I can only see the most general of principles in Scripture. One overarching theme seems to be Christ's challenge to transcend the law. While the law may keep us from committing adultery, it does nothing to regulate the immorality of our hearts. We must recognize that God's standard of holiness is far higher (and much different) than any of our legal codes. This leaves a path for a Christian libertarianism that recognizes that the civil authorities are ordained to keep order in society, but true moral behavior begins from a changed heart. If this is our view, it should not bother us if there isn't a law banning every peccadillo, sinful or otherwise. We also need to recognize that we must demonstrate grace and real assistance to those who have ruined their lives with self-destructive behavior.

Category: Theoblogi


  • from a Christian perspective in regards to smoking...i think one verse can be used very strongly in opposing this habit:

    1 Corinthians 6:19-20
    19Do you not know that your body is a temple of the Holy Spirit, who is in you, whom you have received from God? You are not your own; 20you were bought at a price. Therefore honor God with your body.

    Now, although the premise of this verse is in regards to sexual immorality...i think that this verse's scope can be applied generally to anything we purposefully and knowingly do which can harm our bodies.

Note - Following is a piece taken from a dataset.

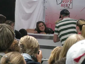 El caso es que este pasado 7 de Mayo se organizó un gran evento para todos los fans de Hand aufs Herz. Y por supuesto allí estuvieron tanto Lucy Scherer (Jenny) como Kasia Borek (Emma) para cantar, darles autógrafos a los fans y lucir esa linda sonrisa que nos ha conquistado a todos. Y señoras, los brazos lesbicanarios son muy largos, y allí estuvo la mismísima Amidola para disfrutar de un rato con las chicas y para contarnos lo geniales que son las chicas.
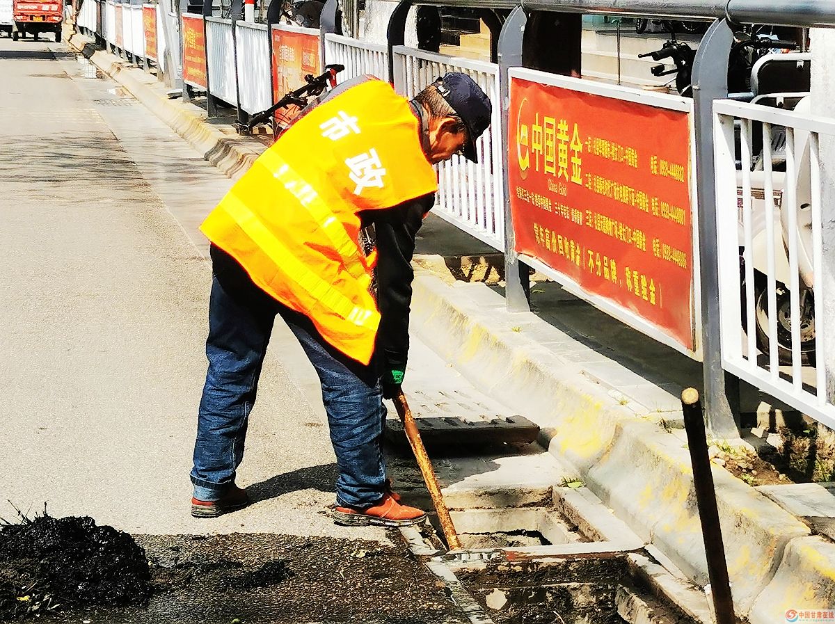 中国甘肃在线礼县讯 连日来,针对今年汛期早,礼县市政人员早行动、早部署、早安排,及早清理下水道淤积杂物,防止城市管道堵塞形成内涝,严重影响人民群众正常生活。图为工作人员清理秦汉大道情景。

    Here are some other verses:

    1 Corinthians 3:16-17
    Do you not know that you are a temple of God and that the Spirit of God dwells in you? 17If any man destroys the temple of God, God will destroy him, for the temple of God is holy, and that is what you are.

    1 Corinthians 6:19-20
    19 Or do you not know that your body is the temple of the Holy Spirit who is in you, whom you have from God, and you are not your own? 20 For you were bought at a price; therefore glorify God in your body and in your spirit, which are God’s.

    Again another one specifically relating to sexual immorality but also having some broader applications.

    I don't think these verses could apply only to smoking either...i believe they can apply to anything we do to ourselves that can harm our "temples" and render us sick incapable of doing the Lord's work. For example...someone who eats junk food all the time, never excersizes, and, potentially, gains a lot of weight. They're not exactly taking care of their bodies and are willingly subjecting their bodies to harmful effects. Besides...if someone's addicted to certain "vices" (i.e. smoking, gluttony, junk food), then they're living for themselves and their addictions...not for the Lord.

    That's not exactly living in the self-control that the Lord expects of those who follow Him.

    1 Corinthians 6:12
    All things are lawful for me, but not all things are profitable. All things are lawful for me, but I will not be mastered by anything. 13Food is for the stomach and the stomach is for food, but God will do away with both of them Yet the body is not for immorality, but for the Lord, and the Lord is for the body.

    Our bodies were created to glorify the Lord...not so we can spend our lives fulfilling our own desires and whims...or enslavement to addictions and vices.

    This is a controversial topic so i expect not everyone's gonna have the same view on it...but i think Scripture's pretty clear cut.